Takeda keeps generating data for marketed products because it helps inform physicians in terms of best practices and can help find improvements in tolerability without undermining efficacy, according to Bitetti.
“It’s not one and done for us,” P.K. Morrow, M.D., who joined Takeda as head of the oncology therapeutic area unit in February from CRISPR Therapeutics, told Fierce in a joint interview with Bitetti. “When we look at our therapies that are so beneficial in these disease states, our initial immediate thought is, how can we help more patients outside of just this limited area where we launch?”
For Merck, combining new assets with already approved meds is an important strategy used to engineer new paradigms, according to Barr. Though Merck hasn’t recently undergone widespread layoffs like many other pharmas, the company’s patent for blockbuster Keytruda is set to expire in 2028. Before that happens, the company is working to build out a multimodality, diverse pipeline.

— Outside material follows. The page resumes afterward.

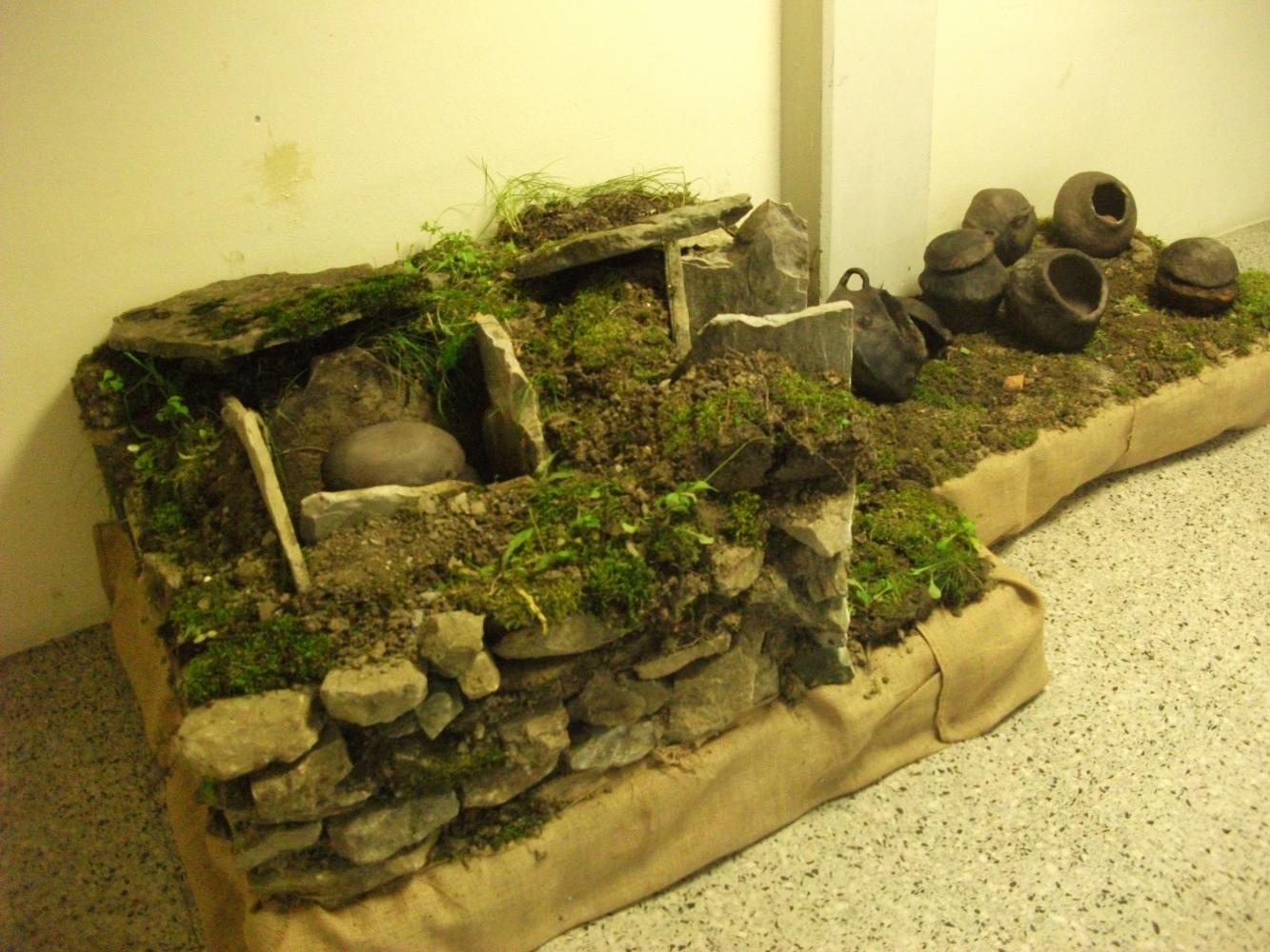 Con questa installazione si è voluto riprodurre in scala naturale parte della necropoli con relative tombe a pozzetto e urne cinerarie complete di corredo funerario. Questo progetto ha voluto valorizzare e far conoscere agli alunni dell’Istituto le origini della nostra storia. Personalmente ringrazio il Dirigente Scolastico dell’Istituto Comprensivo che ha permesso la realizzazione di questo importante progetto, in particolare la collega di Arte e immagine (responsabile del progetto) e soprattutto gli alunni che con grande impegno e dedizione hanno, con il loro lavoro, contribuito alla realizzazione dell’installazione.

“There has to be a multifaceted approach to address patients with broad categories of disease,” Barr said.“To try to find a completely new way of attacking the cancer is a more high-risk endeavor and one that’s just a little more difficult. But if you can try to create synergies, or … learn why patients did or didn’t respond for as long as you’d like to your therapy, then you have an opportunity to target therapies to different tumors.”
One of these synergistic approaches is the Merck-Moderna cancer vaccine mRNA-4157 being studied in combination with anti-PD-1 Keytruda. During ASCO, the companies presented three-year data from a phase 2b trial for resected melanoma, finding that mRNA-4157 and Keytruda reduced the risk of recurrence or death by 49% compared to Keytruda by itself.

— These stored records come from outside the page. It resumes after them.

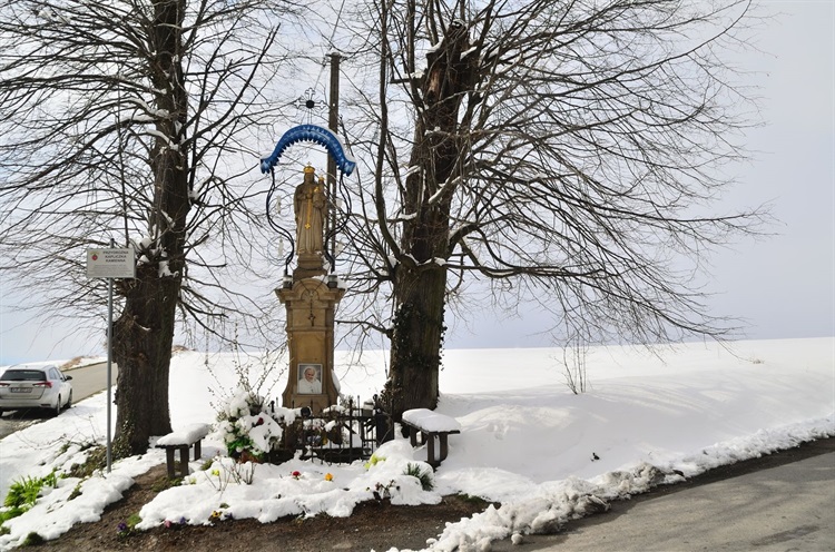 Wykuta w piaskowcu figura przedstawia Matkę Bożą Różańcową trzymającą na ręku Jezusa. Po renowacji figura została pozostawiona w naturalnym kamieniu z wyjątkiem pokrytych złotą farbą koron i różańca. Figura przykryta jest metalowym baldachimem. Stoi na wysokim ozdobnym postumencie. Na cokole zachował się wyryty w kamieniu rok fundacji kapliczki. Otoczona jest niskim metalowym ogrodzeniem.
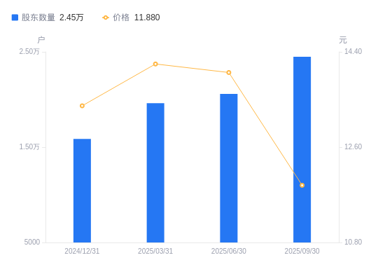 近一年(2024年9月30日至2025年9月30日),佳禾食品A股股东户数从1.09万户,增加至2.45万户,增幅125.17%,区间股价上涨1.88%。
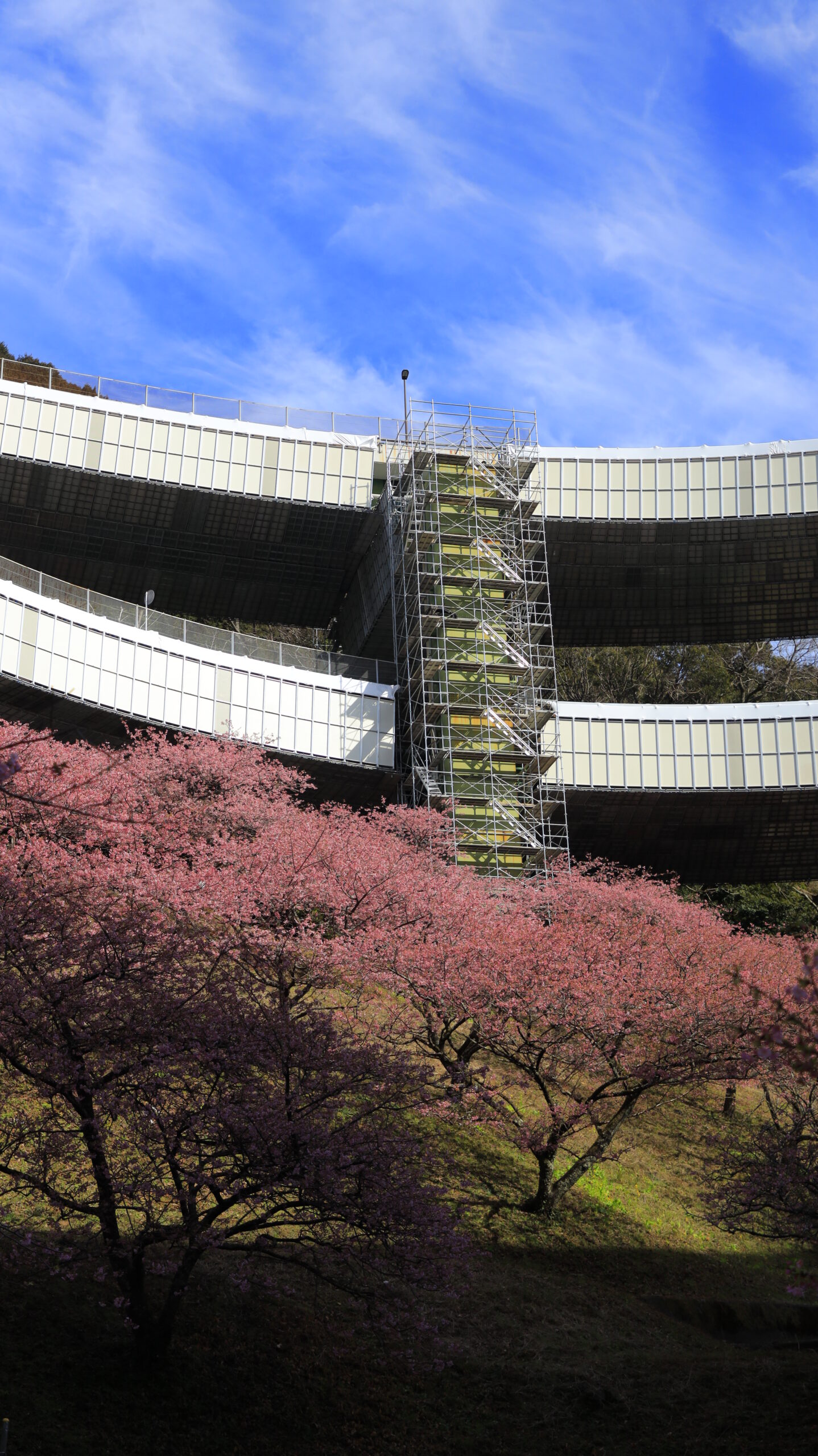 この写真は、河津七滝ループ橋で、ループ橋のカーブの曲線美と河津桜を撮影し、ダイナミックな構図に仕上げました。

“Cancer is an extraordinarily heterogeneous disease,” Barr said. “We need to be humbled to understand that we can’t have a one-size-fits-all approach, or we can but there’ll be some patients who don’t respond.”
For Jazz Pharmaceuticals’ global head of R&D Rob Iannone, M.D., change happens in small doses. The Jazz leader believes that smartly pairing novel drugs with other mechanisms and drugs can contribute to incremental, but important, progress.
“A lot of our portfolio is around drugs that are combined,” Iannone said, citing chemotherapy and immunotherapy combinations with the company’s investigational drug zanidatamab, a HER2-targeted bispecific antibody.
“I’ve been to the ASCOs where it’s the first presentation of data in a totally new field. I can tell you about the standing ovations for certain new drugs, but I don’t know if there’ll be one of those at this ASCO,” Iannone said. “But I will say that the incremental progress is really important as well. Despite some of these major advances, patients are still dying from cancer when they could be cured.”